Each conflict includes `field`, `reason`, and `values` (array of `source: value` strings) and is stable-sorted by `field` then `reason`.

## Linkset output shape additions
- `key.confidence`: populated from formula above.
- `conflicts[]`: as defined; may be empty but never null. Each conflict also carries `sourceIds[]` (vendors/sources that produced the values) for provenance.
- `normalized` retains add-only fields from `link-not-merge-schema.md`; do not drop raw ranges even when disjoint.
- `provenance.hashes`: sorted list of `observationHash` values; used by replay bundles.

## Fixtures
- `docs/samples/lnm/linkset-lnm-21-002-sample.json`: two-source agreement (high confidence, no conflicts).
- `docs/samples/lnm/linkset-lnm-21-002-conflict.json`: three-source disagreement showing conflict records and confidence < 0.7.
All fixtures use ASCII ordering and ISO-8601 UTC timestamps and may be used as golden outputs in tests.
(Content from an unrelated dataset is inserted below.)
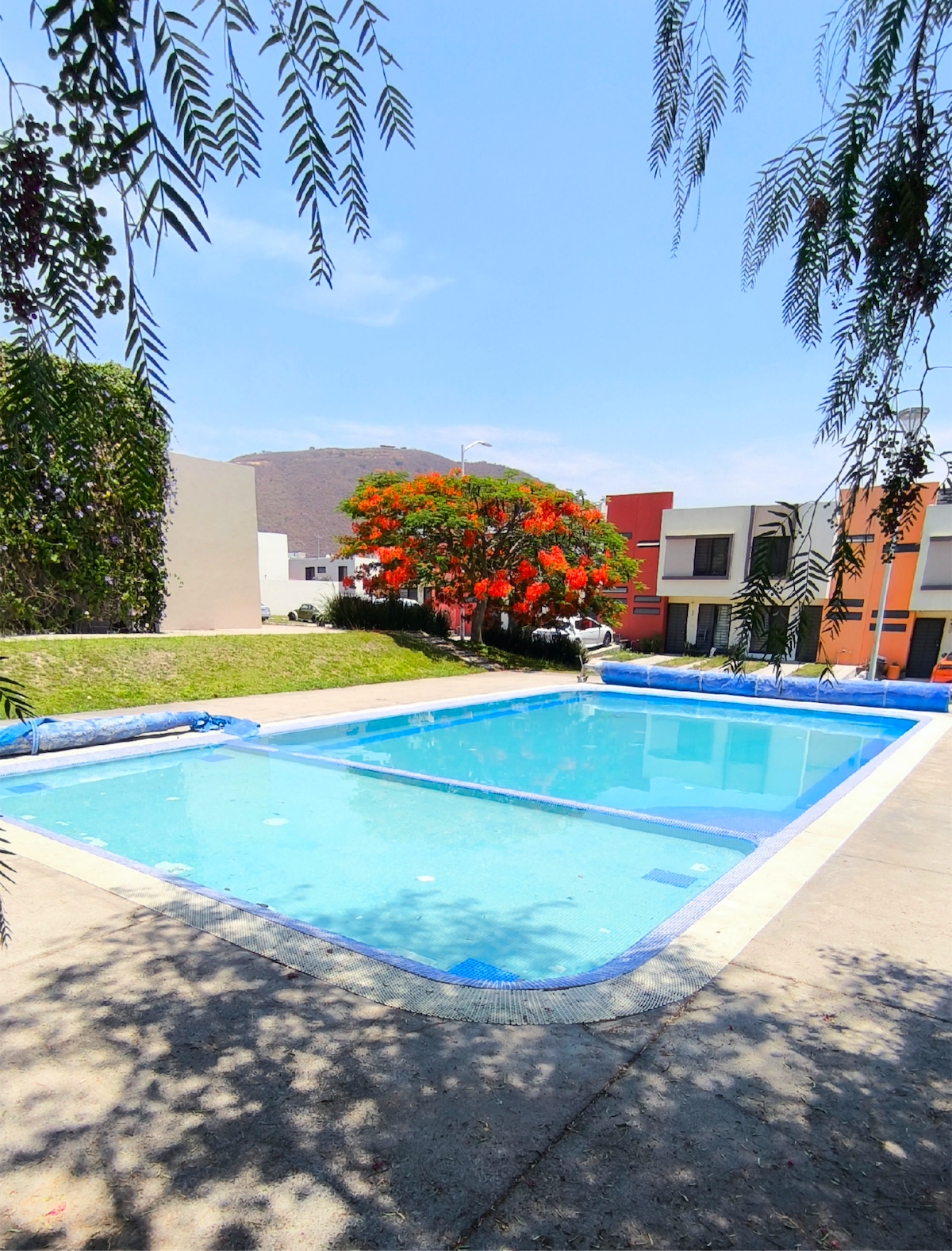 Relájate con toda la familia en este alojamiento donde la tranquilidad se respira, podrás disfrutar de todas las comodidades y amenidades que deseas. Contamos con 3 habitaciones, 2 en planta alta con closet y 1 en planta baja. 1 baño arriba y medio abajo. Cocina equipada para tu comodidad. Comedor amplio para disfrutar en familia. Sala con TV. Patio trasero con lavadora. Cochera techada para 1 auto vehículo grande o 2 pequeños. Alberca en un ambiente familiar (alberca compartida)

## Implementation checklist
- Builder must refuse to overwrite existing linkset when incoming hash list unchanged.
- Correlation job idempotency key: `hash(tenantId|aliasSet|purlSet|fetchedAtBucket)`.
- Telemetry: counter `concelier.linkset.builder.conflict_total{field,reason}` and histogram `concelier.linkset.builder.confidence` (0–1 buckets).
- Event emission: include `confidence` and `conflicts` summary in `advisory.linkset.updated@1`; keep arrays sorted as above.

## Change control
- Add-only. Adjusting weights or conflict codes requires new version `advisory.linkset.updated@2` and a sprint note.